Air enters the bodies of insects through special pores on their exoskeleton called spiracles. From there, it travels to larger tubes, the trachea, which gradually divide into microscopic, thin, blind-ended tubes known as tracheoles. These tracheae are embedded deep within the insect’s tissues, and mitochondria in neighboring cells are stored next to them.

Insects can actively pump air in and out of the large trachea by bending their bodies, but this active pumping stops at the very end of the line, in the small trachea. Here, oxygen delivery depends on passive diffusion to cross the final barrier in the tissue.

The problem with propagation is that it is extremely slow. The oxygen barrier hypothesis argued that the larger an insect grows, the further oxygen must travel to reach deeper tissues.

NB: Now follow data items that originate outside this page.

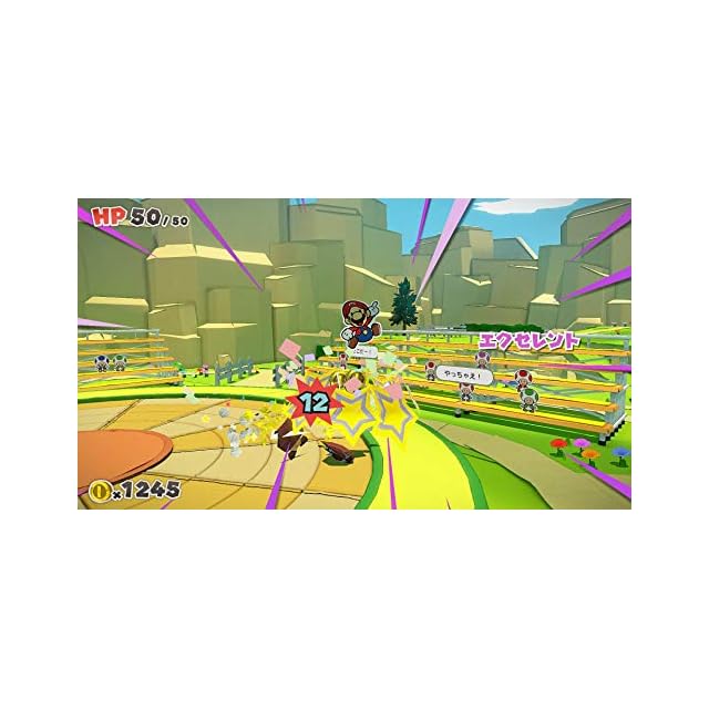 紙でできた広いマップには、仕掛けと、個性豊かなキャラクターたちとの出会いがたくさん。キャラクターたちと交流しつつ、折られてしまったキノピオを探したり、新しい遊びである「カミの手」で謎を解いたりして進みます。マリオに襲いかかるオリガミ兵とは、「パズル×アクション」の新たなバトルで戦います。360°をぐるりと取り囲む敵たちを、回して、そろえて、一気に倒してしまいましょう!
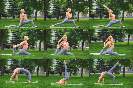 Mosaic of different fitness exercises in city park. Slim blonde woman doing various yoga asanas outdoors. Active, healthy lifestyle concept
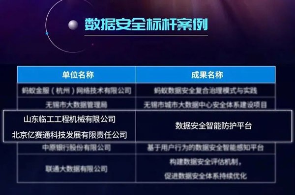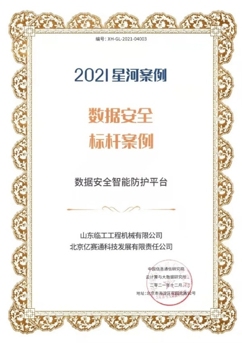 山东银河优越会(GEG)-首页欢迎您工程机械有限公司和北京亿赛通科技发展有限公司联合申报的“数据安全智能防护平台”应用成果凭借其专业的技术及完善的解决方案,从350余份项目中脱颖而出,成功当选本届大数据星河案例“数据安全标杆案例”。
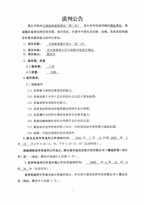 城投物業(yè)公司文曲新座建渣清運(第二次)競爭性談判公告
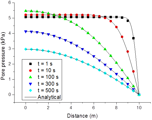 图2. Terzaghi固结算例:第一个时间步孔隙压力的竖向分布
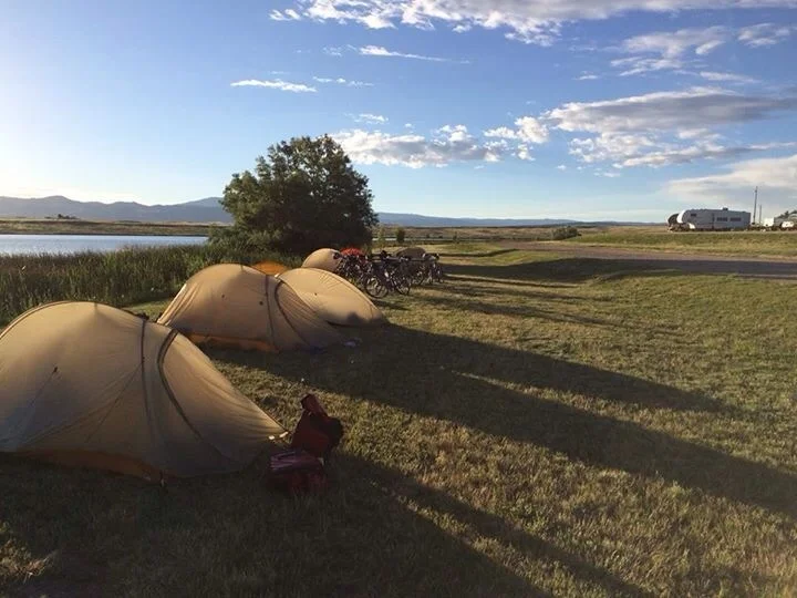 Finally about 6pm we found Saratoga Lake campground. We pitched tents by a beautiful lake, then rode into town for dinner. Saratoga has two geothermal springs that are in the middle of town. Folks flock to them. The boys got a good soak in the cooler pool-103 degrees. The other, at 112, was a bit toasty.
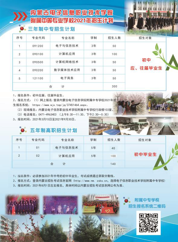 内蒙古电子信息职业技术学院附属中专学校2021年招生简章
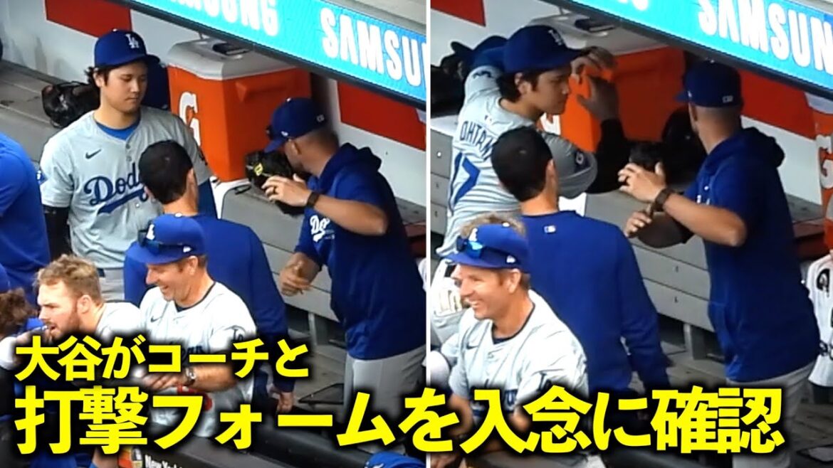 修正点を見つけて室内へ!コーチと打撃フォームを入念に確認する大谷翔平!【現地映像】5月30日ドジャースvsメッツ第3戦

“As insects get bigger, the challenge of proliferation gets bigger,” Snelling said.

To avoid muscle suffocation, a large insect would need a much wider or far more numerous trachea to maintain its oxygen supply, meaning there must be an anatomical tipping point. If an insect grows too large, the volume of breathing tubes needed to supply oxygen to its muscles will take up too much physical space. The trachea constricts the very muscle fibers they were trying to fuel, severely impairing the insect’s flight ability.